リアムはだから嫌いなんだ、と息を吐いた。
「だからなんだ? 今から殺しに行けとでも?」
そう問うと、<逢瀬>は首を横に振る。いや、と聞こえたとき、猛烈に嫌な予感がした。
「あそこには、優秀な魔術師がいるだろ? <劫火煙>を使える宮廷魔術師に頼めばいい」
「寮ごと吹き飛ばさせるつもりか?」
「何か他に案でも?」
案といっても、リアムはもう少し時間をかけた方がいいと思っている。もう今すぐ正面衝突するか不意打ちで殺しにかかるかしかないではないか。
―かといって、彼女に寮を破壊させたくはない。
リアムが黙り込むと、<逢瀬>は―彼はその甘いマスクの口元を持ち上げる。
「分かってもらえたようで何より。さて、返事を―」
彼がそこまで言ったところで。リアムが適当に用意した茶菓子が全て<逢瀬>の胃に収まってちょうど二分経ったところで。
応接室の扉が、何者かによって開かれた。
扉の隙間から、最も早く覗いたのは艶やかな白髪だ。その次が、茶菓子。そして最後に、それはもう爛々と輝く薄紅の瞳。

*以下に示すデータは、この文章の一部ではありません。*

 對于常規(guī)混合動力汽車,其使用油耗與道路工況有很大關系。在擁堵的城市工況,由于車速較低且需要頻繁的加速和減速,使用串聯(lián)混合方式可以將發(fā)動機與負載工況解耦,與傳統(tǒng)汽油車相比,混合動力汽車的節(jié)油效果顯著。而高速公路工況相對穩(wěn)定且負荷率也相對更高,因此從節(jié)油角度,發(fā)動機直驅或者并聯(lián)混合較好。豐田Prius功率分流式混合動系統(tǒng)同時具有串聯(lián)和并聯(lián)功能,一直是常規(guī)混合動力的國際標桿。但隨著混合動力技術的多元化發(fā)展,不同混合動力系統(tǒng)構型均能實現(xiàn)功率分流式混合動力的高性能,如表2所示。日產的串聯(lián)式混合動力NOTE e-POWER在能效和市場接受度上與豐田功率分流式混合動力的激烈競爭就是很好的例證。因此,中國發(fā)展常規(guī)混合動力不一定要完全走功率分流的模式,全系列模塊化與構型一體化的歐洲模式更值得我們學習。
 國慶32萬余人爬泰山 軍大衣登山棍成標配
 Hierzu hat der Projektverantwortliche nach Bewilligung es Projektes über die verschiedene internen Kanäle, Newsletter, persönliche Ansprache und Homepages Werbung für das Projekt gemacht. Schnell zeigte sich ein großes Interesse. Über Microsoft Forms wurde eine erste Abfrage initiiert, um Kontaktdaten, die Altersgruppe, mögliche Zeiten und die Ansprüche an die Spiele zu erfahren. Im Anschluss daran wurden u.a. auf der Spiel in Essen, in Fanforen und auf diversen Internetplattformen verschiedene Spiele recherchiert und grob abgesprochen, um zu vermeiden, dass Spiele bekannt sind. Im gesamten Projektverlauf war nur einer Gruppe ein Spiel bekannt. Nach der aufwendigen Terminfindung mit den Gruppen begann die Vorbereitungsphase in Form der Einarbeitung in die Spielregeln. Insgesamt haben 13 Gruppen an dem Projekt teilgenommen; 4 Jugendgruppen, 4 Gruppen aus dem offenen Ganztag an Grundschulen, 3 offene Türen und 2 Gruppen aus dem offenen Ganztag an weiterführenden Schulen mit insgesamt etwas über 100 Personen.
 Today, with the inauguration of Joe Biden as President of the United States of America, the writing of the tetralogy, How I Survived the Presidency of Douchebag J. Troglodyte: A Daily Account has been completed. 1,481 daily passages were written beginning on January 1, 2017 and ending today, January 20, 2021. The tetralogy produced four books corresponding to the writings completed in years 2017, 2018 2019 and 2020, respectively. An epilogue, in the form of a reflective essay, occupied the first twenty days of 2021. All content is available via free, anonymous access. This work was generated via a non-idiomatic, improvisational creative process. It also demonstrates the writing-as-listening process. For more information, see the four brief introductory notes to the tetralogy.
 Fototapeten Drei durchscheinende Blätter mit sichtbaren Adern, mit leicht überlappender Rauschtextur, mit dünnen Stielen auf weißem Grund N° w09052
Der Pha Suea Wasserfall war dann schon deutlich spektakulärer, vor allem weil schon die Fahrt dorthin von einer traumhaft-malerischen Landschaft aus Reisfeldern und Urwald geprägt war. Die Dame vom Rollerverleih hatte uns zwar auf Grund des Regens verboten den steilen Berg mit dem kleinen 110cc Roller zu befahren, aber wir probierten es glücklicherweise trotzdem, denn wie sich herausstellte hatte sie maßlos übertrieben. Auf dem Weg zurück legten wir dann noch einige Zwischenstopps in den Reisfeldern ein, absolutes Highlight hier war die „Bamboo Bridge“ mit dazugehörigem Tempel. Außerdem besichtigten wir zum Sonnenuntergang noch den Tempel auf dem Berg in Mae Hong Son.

小さく礼をして、恐ろしくお上品に追加の茶菓子をテーブルに並べた少女は<逢瀬>と正面から視線を合わせる。そして、告げた。
「初めまして。<嚇焉>の弟子、レティアと申します.............以後、お見知りおきを――<逢瀬>様?」
先制攻撃でもするかのように紹介をぶちかましたレティアは―その一瞬後、きょとんとしたようにリアムには見えた。